News delivery on the Internet is optimized for a browsing behavior rather than exploring topics at depth. Since search engines are designed for ad delivery, there is an emphasis on driving users to multiple sites to enable maximum exposure to advertising. As a consequence customers of a traditional news organization that produces 100s, or even thousands of unique in-depth articles every day, end up not seeing content that might be of interest to them, but which is not brought to their attention.
The product is a content delivery service that provides a customized experience which learns from user behavior. The content is drawn from news articles, social media, deeper long-form content, and reputable knowledge bases, with a satisfying experience of consuming in-depth articles targeted to their interests.
Assessment
The assessment was done in close collaboration with the key stakeholders from the client. The result of the assessment was as follows:
The client’s data sets are largely drawn from public sources augmented with feeds from domain-specific data providers and there was poor differentiation with other products.
There is limited in-house expertise in Data Pipeline design and AI modeling. Critical pieces had been built by external contractors without a cohesive data architecture. A deeper signal extraction exercise had not been done and the potential for behavior-driven personalization had not been investigated.
The assessment results are summarized below.
AI Business Problem and Value
The customer is a publisher that has built its reputation on in-depth coverage of various topics and plans to launch a product that delivers the in-depth articles to users based on their browsing patterns.
The product will support customized content delivery both for browsing and for reading in-depth content. The general solution will be applicable in many focus areas such as Healthcare, Sports, Hobbies, and Entertainment.
Market research has demonstrated a need for a product that is able to serve up relevant long-form, detailed, and trusted content to the user as a one stop information portal for end users.
AI Use Cases
The use cases selected were as follows:
Initial Experience
The user sees a set of articles that are of general interest and is guided to walk through a process of configuration.
Configuration
- The user chooses topic(s) of interest from a curated list of topics.
- The user can search for keywords, see recommended keywords, and sample articles associated with those keywords in order to guide the personalization.
- The user has the ability to bookmark interesting articles, which would also guide the personalization engine.
Product Experience
On visiting their home page, the user sees relevant news items, and social media posts.
As they browse through news items, it is possible to star articles to emphasize their importance. The recommendation engine also learns from the topics of the browsed articles, and the amount of time spent in each article. In-depth articles are more influential in guiding the recommendation engine than news articles.

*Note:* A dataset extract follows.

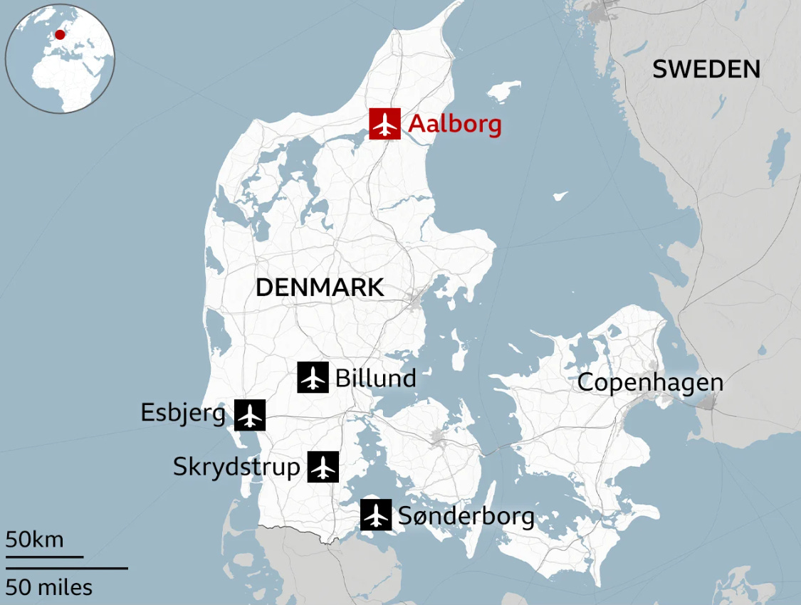Prime Minister Mette Frederiksen described the incidents in Denmark as "the most serious attack on Danish critical infrastructure in recent memory." Danish authorities have suspended civilian drone flights nationwide to protect airports, energy sites, and military bases.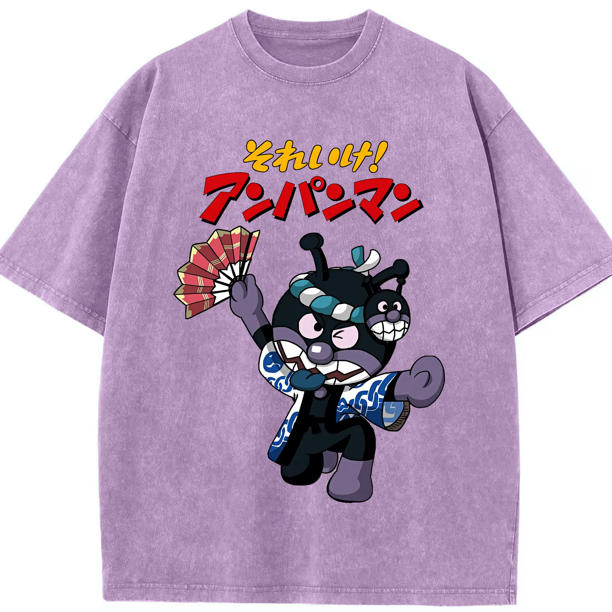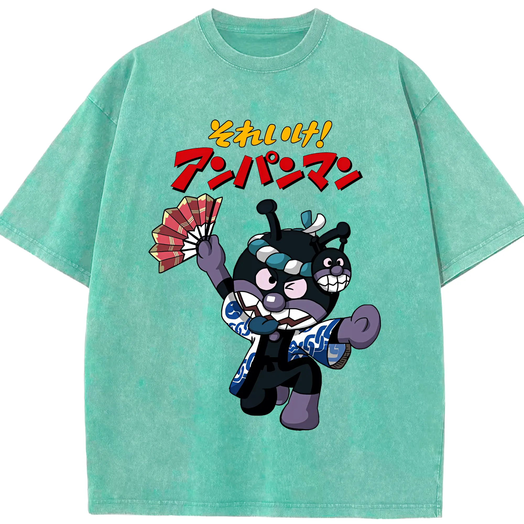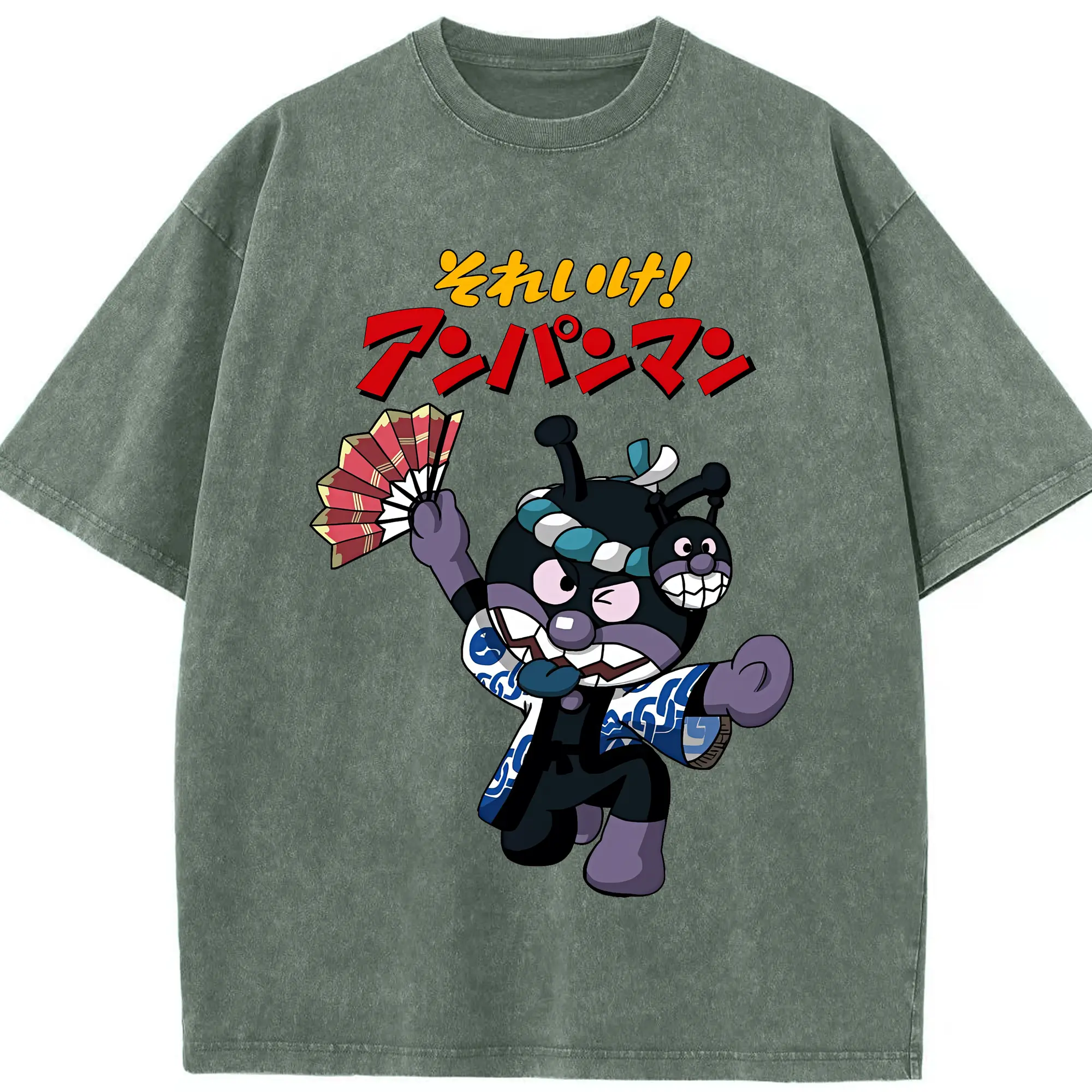 アンパンマン グッズ,ばいきんまん - 綿100% ヴィンテージ風 半袖Tシャツ ・ 背面プリント ・ 柔らか肌触り ・ 通気性 快適 ・ スポーツ カジュアル 外出用

All use cases above assume that users can select the following in their profile to help tune the recommendation engine. However most users would be expected to have a satisfying experience just by engaging with the product without deeper tuning.
Prediction Variables
After identifying the key use cases, we identified the key prediction variables that would be generated by a data-driven ML system.
The prediction variables were as follows:
Articles
Given a set of keywords predict which articles most closely match them.
Similar articles
Given a set of articles predict which articles most closely match it.
Topics
What keywords are the best representation of the “topics” implicit in an article.
Keywords
Given a keyword what other keywords match it most closely.
Modeling Approach
In collaboration with the client’s technical team, we ran a comprehensive set of experiments on data sets collected from the prototypes of the digital press. We conducted a literature review and identified a set of techniques that appeared promising.
After an extensive study of literature including latest trends in Natural Language Processing, or NLP, we tested various NLP text affinity approaches to build a custom recommendation engine.
We iterated on the available data sets to compare different available approaches to identify the algorithms that performed the best and the results of which tested well with targeted users. In the evaluation phase we looked at the available cloud APIs from various vendors and settled on building custom predictive models that performed a lot better.
Data Strategy
We quantified the available data sets in terms of their daily volume and diversity of sources.
We also did a survey of available third party datasets that had the potential to increase the appeal of the product to the targeted users. The datasets for consideration included syndicated feeds from leading media providers, content scrapes from public-facing pages of representative news outlets, selected categories from Wikimedia and knowledge bases such as WebMD.
We also examined the value of storing clickstream data from users in order to guide their experience and recommended an architecture for a secure management of personal data, which would be saved in a separate datastore.
Results
The client accepted the findings and rolled out the ML server in a product that was released in a private beta and is now available to its select clients for a full release testing.
Key results were:
Leadership team and AI readiness
We identified team gap expertise and presented an internal training and external consultancy plan.
Data pipeline, algorithms and models
Signal data experimentation identified data intensity and value. A data architecture was prototyped and presented to the client.
AI architecture and deployment
We built an AI MVP to validate with beta customers and to estimate the cloud resources needed to deliver the desired experience.
Algorithms and Models
We presented an in depth survey of available approaches to the client. We then ran a number of signal extraction experiments on the most promising approaches.
Product, Category, Value Prop and Competitive
While the value proposition was extremely strong, the current search market is well served. Further effort is required in order to define a new market category to ensure success.